■ PROVIDED MATERIAL ■
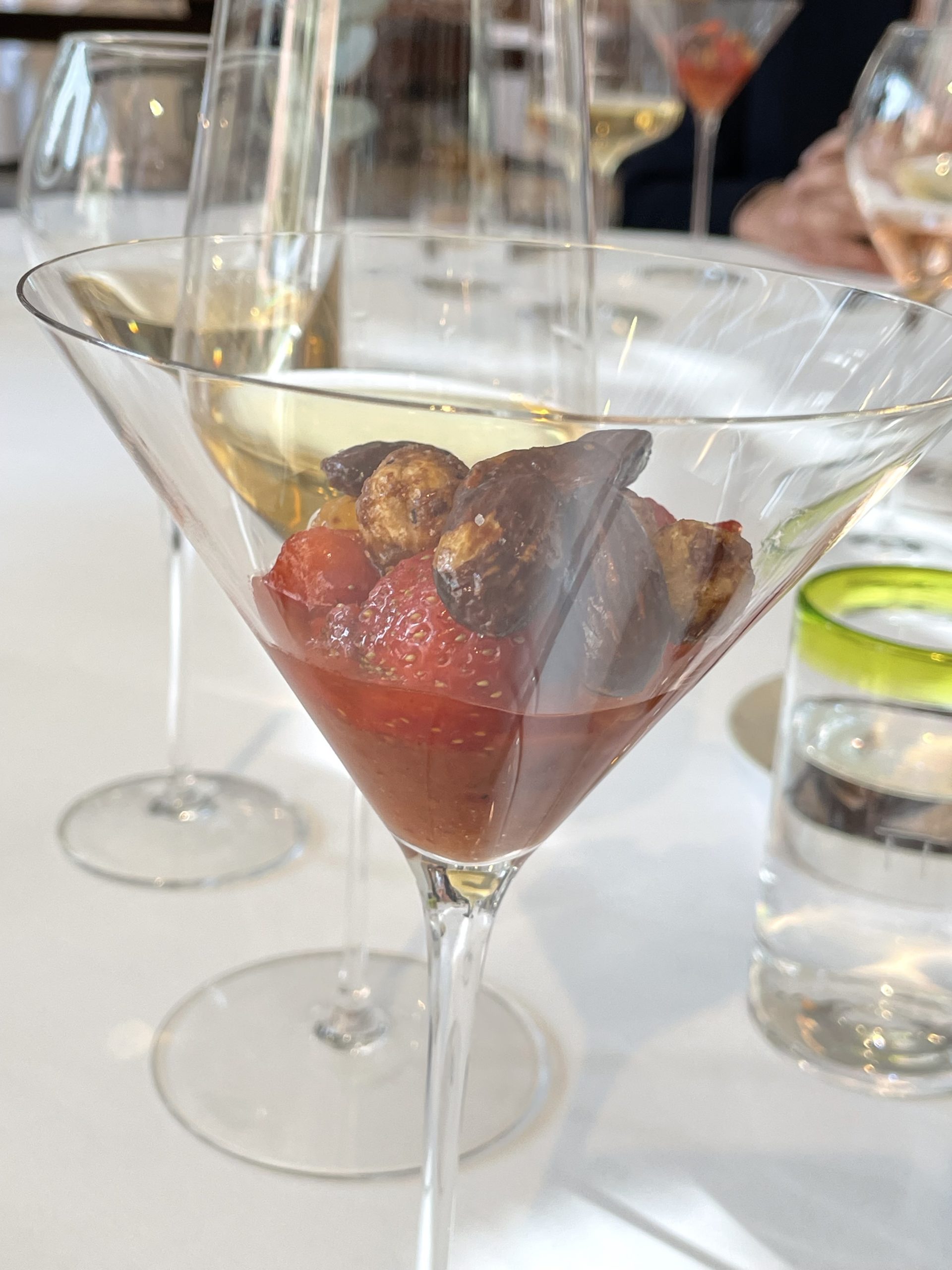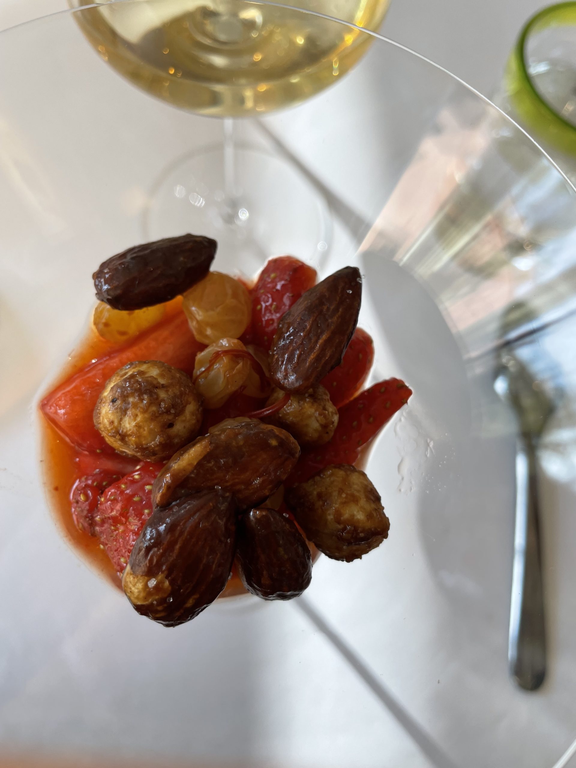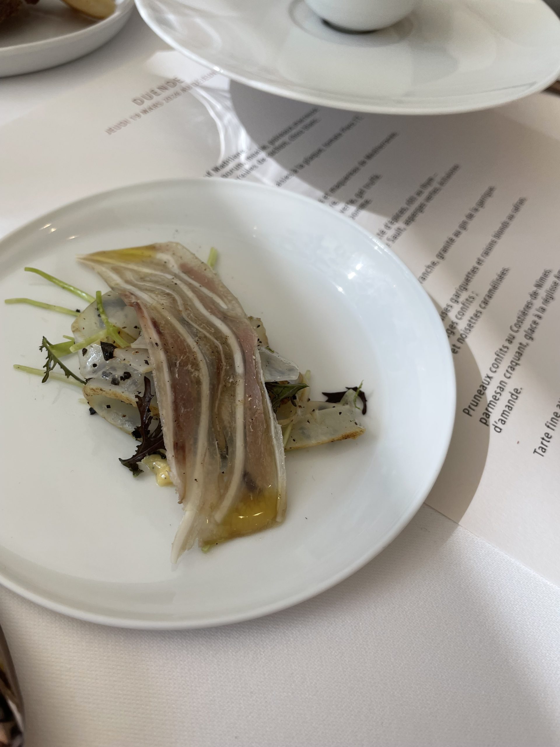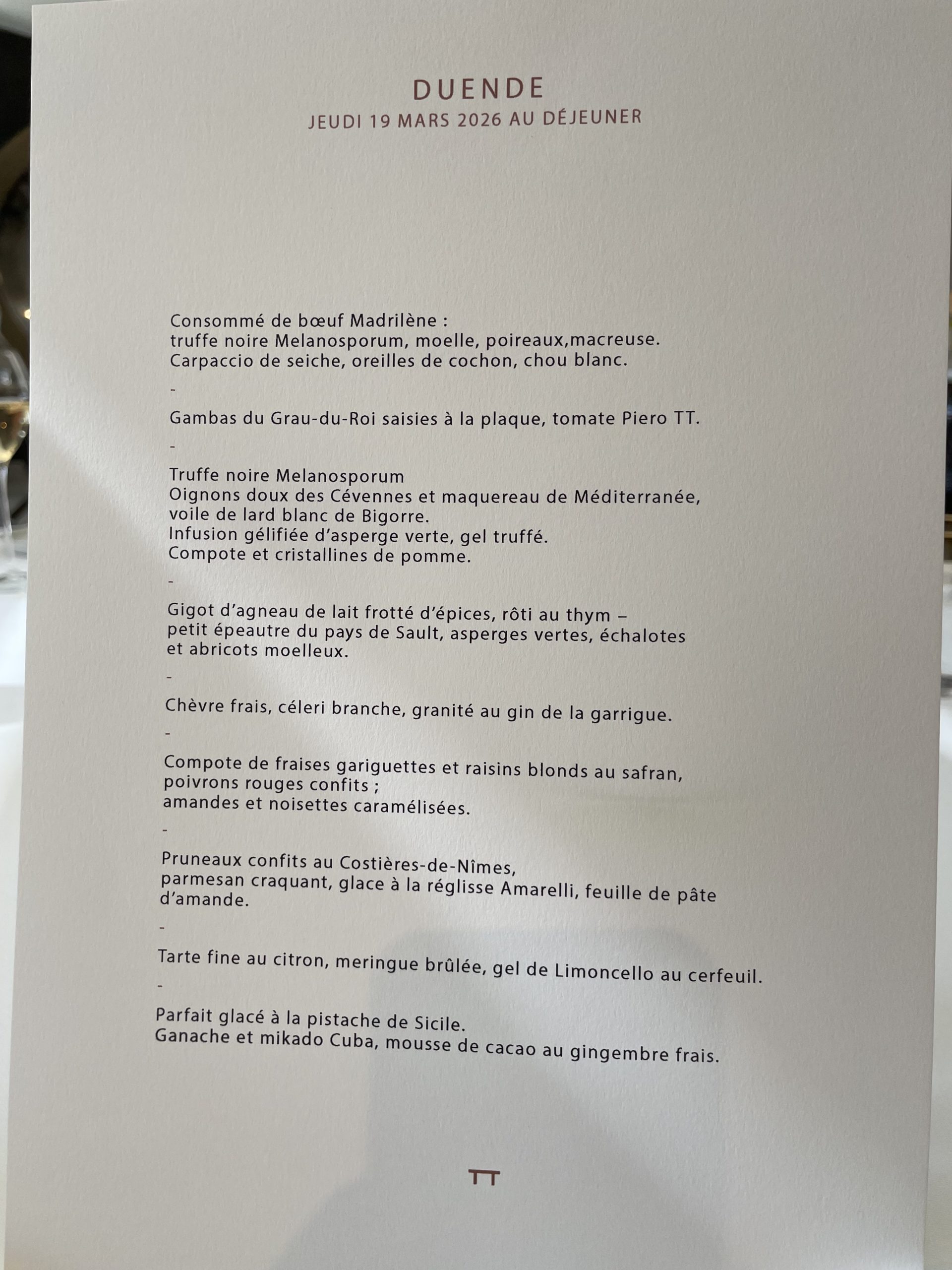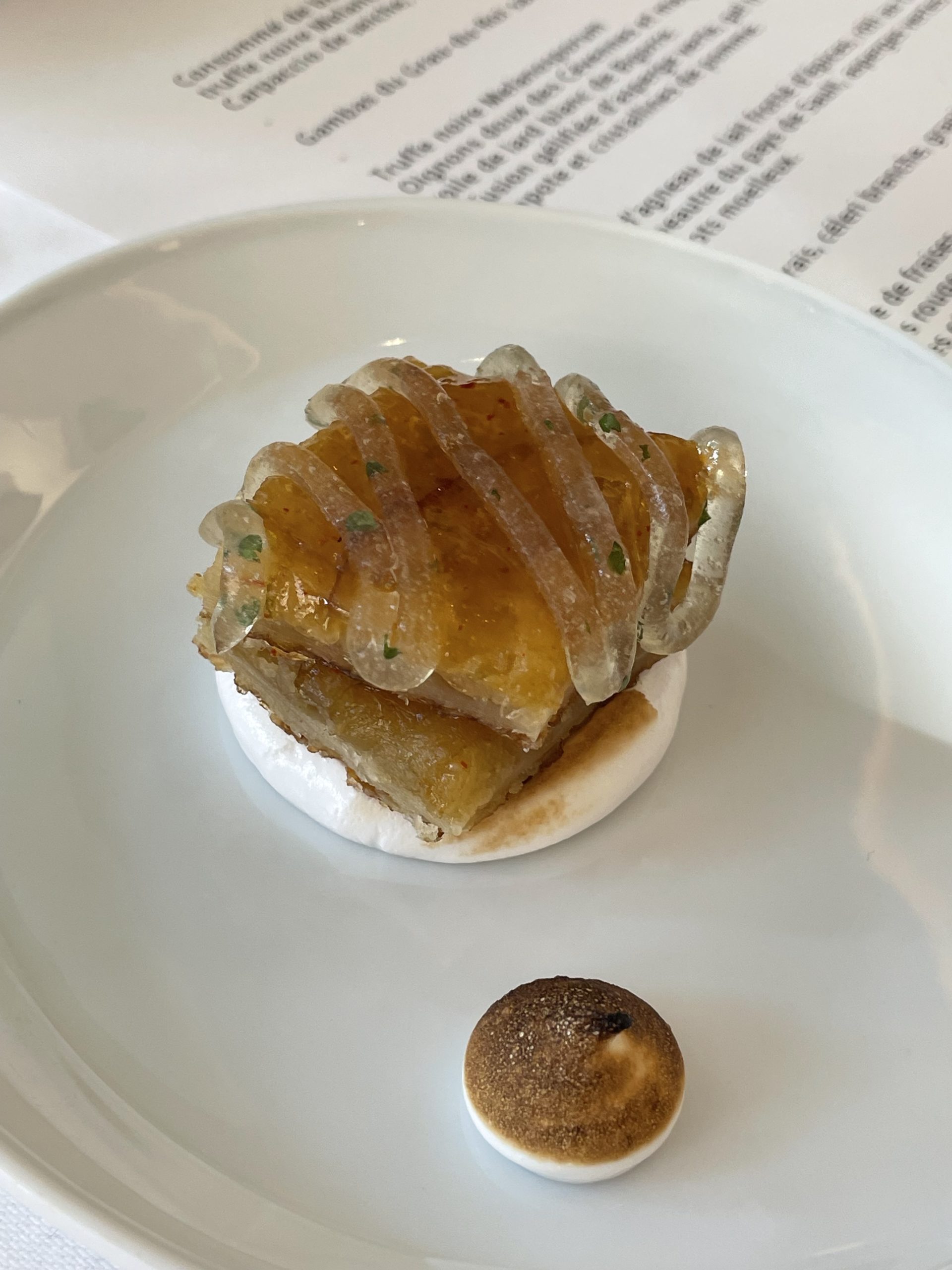 Pas de “plat à la truffe », non, nous avons vu défiler royalement des variations de travail et d’accords où la truffe se fait puissante ou douce, fragile ou forte, très présente ou plus discrète, met en avant ses subtilités terriennes, nous enchante ou nous déroute, mais toujours là, elle va et vient au coeur des plats, toujours différente. Elle pose son empreinte et réveille des sensations tout au long des audaces d’accords, des mariages terre et mer entre des produits fortement ancrés dans le terroir local, qui s’épanouissent dans le travail des textures, gel, bouillon, infusion, granité, compote.
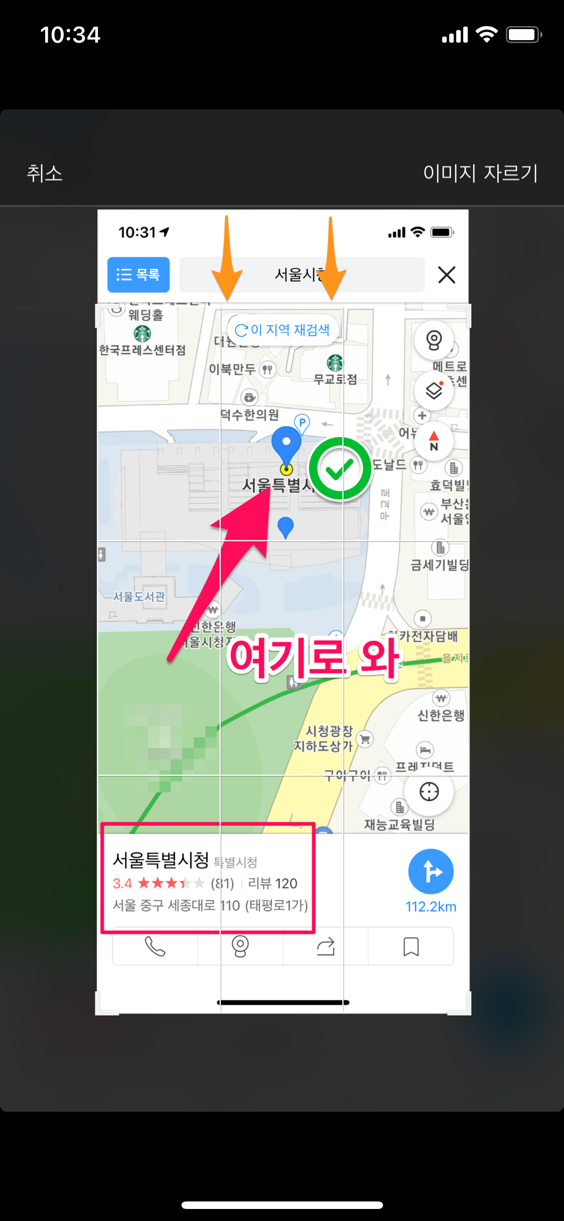 예제는 제가 있는 위치를 지도 화면 캡처하여서 표식한 후에 이미지로 만드는 과정입니다.
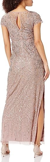 Aidan by Aidan Mattox Women's Short Sleeve Beaded Illusion Yoke Column Gown

■ PROBLEM REQUIREMENTS ■
The copy must reproduce the listing above verbatim and contain no pictures.

■ SOLUTION TO THIS EXERCISE ■
 Pas de “plat à la truffe », non, nous avons vu défiler royalement des variations de travail et d’accords où la truffe se fait puissante ou douce, fragile ou forte, très présente ou plus discrète, met en avant ses subtilités terriennes, nous enchante ou nous déroute, mais toujours là, elle va et vient au coeur des plats, toujours différente. Elle pose son empreinte et réveille des sensations tout au long des audaces d’accords, des mariages terre et mer entre des produits fortement ancrés dans le terroir local, qui s’épanouissent dans le travail des textures, gel, bouillon, infusion, granité, compote.
 예제는 제가 있는 위치를 지도 화면 캡처하여서 표식한 후에 이미지로 만드는 과정입니다.
 Aidan by Aidan Mattox Women's Short Sleeve Beaded Illusion Yoke Column Gown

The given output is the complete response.